The boost capacitor 234 operates to increase the voltage of the bootstrap terminal 248 (e.g., BS) to be larger in magnitude than the output signal 242 (e.g., GATE_OUT) by a predetermined voltage, and to provide a voltage 250 for the high-side driver 208 to operate. The diode 236 operates to rectify a current 254 flowing from the power source 210 to the diode 236 in order to prevent a current flowing from the high-side driver 208 to the power source 210 if the voltage of the bootstrap terminal 248 (e.g., BS) becomes larger than the bias voltage 238 (e.g., VDD) provided by the power source 210.

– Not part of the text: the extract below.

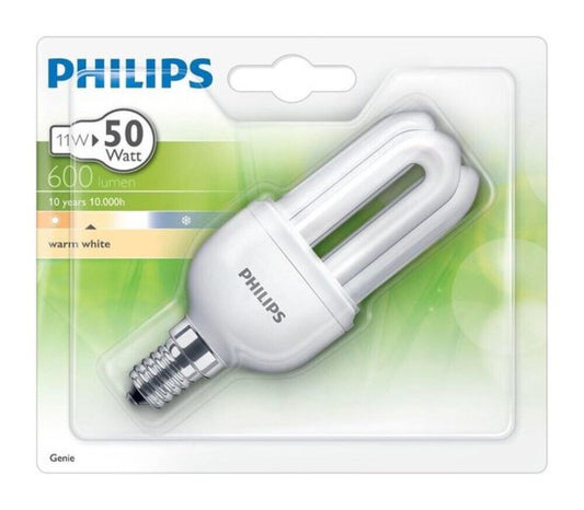 Philips E14 Energiesparlampe Genie 11W = 50W 600lm Spirale Warmweiß 2700K

The conventional gate driver 202 usually uses a bootstrap structure including the boost capacitor 234 and the bootstrap terminal 248 (e.g., BS) to provide a proper operating voltage for the high-side driver 208. However, the boost capacitor 234 often has a capacitance of tens or hundreds of nanofarads, and hence may not be easily incorporated into an integrated-circuit (IC) chip. Further, the bootstrap terminal 248 is not suitable if terminals (e.g., pins) are limited on an IC chip. Additionally, the diode 236 is usually needed for the gate driver 202 for rectifying the current 254. If the diode 236 is a Schottky diode which often has good performance for rectification, manufacturing costs may increase.
Hence it is highly desirable to improve techniques of driving transistors with high threshold voltages.